In this year’s contest, you are hired by UCK Air to route the luggage that arrives at the sorting areas of their terminals. Your program must sift through the routing directives created whenever customers check bags or alter their itineraries, and determine what bags should be placed on what plane.

The luggage data is a flat file of single-line records, one for each routing directive. Each record contains the following fields, separated by whitespace:

  • Time of record: the number of seconds since Jan 1, 1970;
  • Luggage ID: 2 letters followed by 6 digits;
  • Flight ID: 2 letters denoting the airline followed by a maximum four-digit flight number;
  • 3-letter departing airport code;
  • 3-letter destination airport code;
  • Any further comment or special instructions added by airline employees (free text.)

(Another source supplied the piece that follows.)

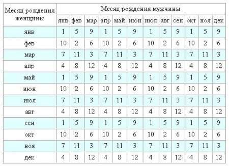 Существует также таблица, которая поможет будущим родителям зачать девочку или мальчика. Вам необходимо узнать число пары, чтобы знать, как воспользоваться таблицей. В горизонтальной строке отыщите месяц рождения мужа, а в вертикальной – жены. Цифра на пересечении месяцев рождения как раз будет означать число пары. К примеру, если мужчина родился в марте, а женщина - в мае, то их число 9.
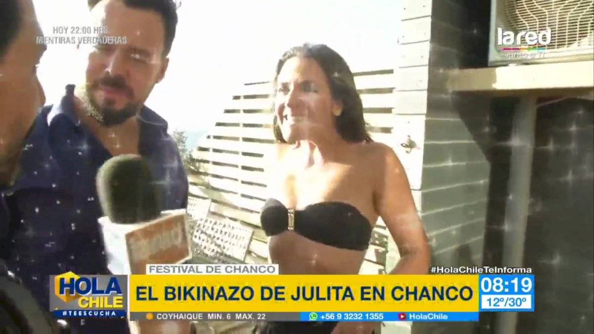En esa línea, los panelistas del programa hicieron un alto cuando estaba revisando una entrevista a Julia Vial, quien aparecía en las imágenes en bikini, luciendo su esbelta figura.

Basically the lines satisfy regexp {^(\w+)\s+(\w+)\s+(\w+)\s+(…)\s+(…)\s*(\s.*)} $inline — time luggage flight depart arrive comment. Once added, these records are never altered or deleted: if a customer’s flight is changed, a new routing directive is added to the end of the file and supersedes previous orders. Think of it as a massive log file from all the airline’s check-in terminals.

Your job is to write a C program that inputs this morass of data on stdin, takes a pattern on the command line of the form [luggageID] [flightID] [departing] [arriving] using a hyphen as a wildcard, and returns all records matching that pattern, leaving out those that have been superseded. An example:


% cat luggage.dat
1261959531 UA129086 UA530 ORD FRA
1261959531 UA129086 LH1111 FRA OPO
1261959580 UA129089 UA530 ORD FRA
1261959580 UA129089 LH1111 FRA OPO (Original reservation)
1262002831 UA129086 TP579 FRA OPO
1262002831 UA129089 TP579 FRA OPO   Passengers missed first connecting flight, sent on next one
1262027494 UA129086 LH1230 FRA LIS
1262027495 UA129089 LH1230 FRA LIS   Next flight canceled, passengers rerouted to Lisbon
1262029822 UA129086 LH1450 FRA LHR  Passenger A says screw it, send me to London
1262030463 UA129086 LH1280 FRA DUB  Direct flight canceled, routed through Ireland
1262030463 UA129086 LH1390 DUB LHR  

% gcc -o lug luggage.c
% cat luggage.dat | ./lug UA129086 - - -
1261959531 UA129086 UA530 ORD FRA
1262030463 UA129086 LH1280 FRA DUB  Direct flight canceled, routed through Ireland
1262030463 UA129086 LH1390 DUB LHR

% cat luggage.dat | ./lug - TP579 FRA OPO

% cat luggage.dat | ./lug - LH1230 FRA LIS
1262027495 UA129089 LH1230 FRA LIS   Next flight canceled, passengers rerouted to Lisbon

The evil part

Your program must inexplicably misroute a piece of luggage if the right kind of free text comment is provided by the check-in clerk. Misrouting means that your program’s output either places that luggage on the wrong flight, or fails to provide a record when it should. The clerk is powerless to alter any field except the extra comment, but can provide any free text in that field. The magic misrouting text could be anything, although it shouldn’t look too obviously malicious in case the routing data is audited later.

Scoring and Extra Points

As always, the basic rules of fake sincerity apply:

  • Your submission is worth more if it is short and easy to read. Hiding malicious behavior in short and readable source files is more impressive.
  • Your submission is worth more if it is universal. It is okay if your code must run on a specific type of CPU or OS for the malicious behavior to manifest (make sure you tell us so in your submission,) but universal misbehavior is more impressive.
  • Your submission is always worth more if the bad behavior, once discovered, is plausibly deniable as a newbie coding mistake.
  • Your submission is worth more if the underhanded code does not look suspicious under syntax coloring.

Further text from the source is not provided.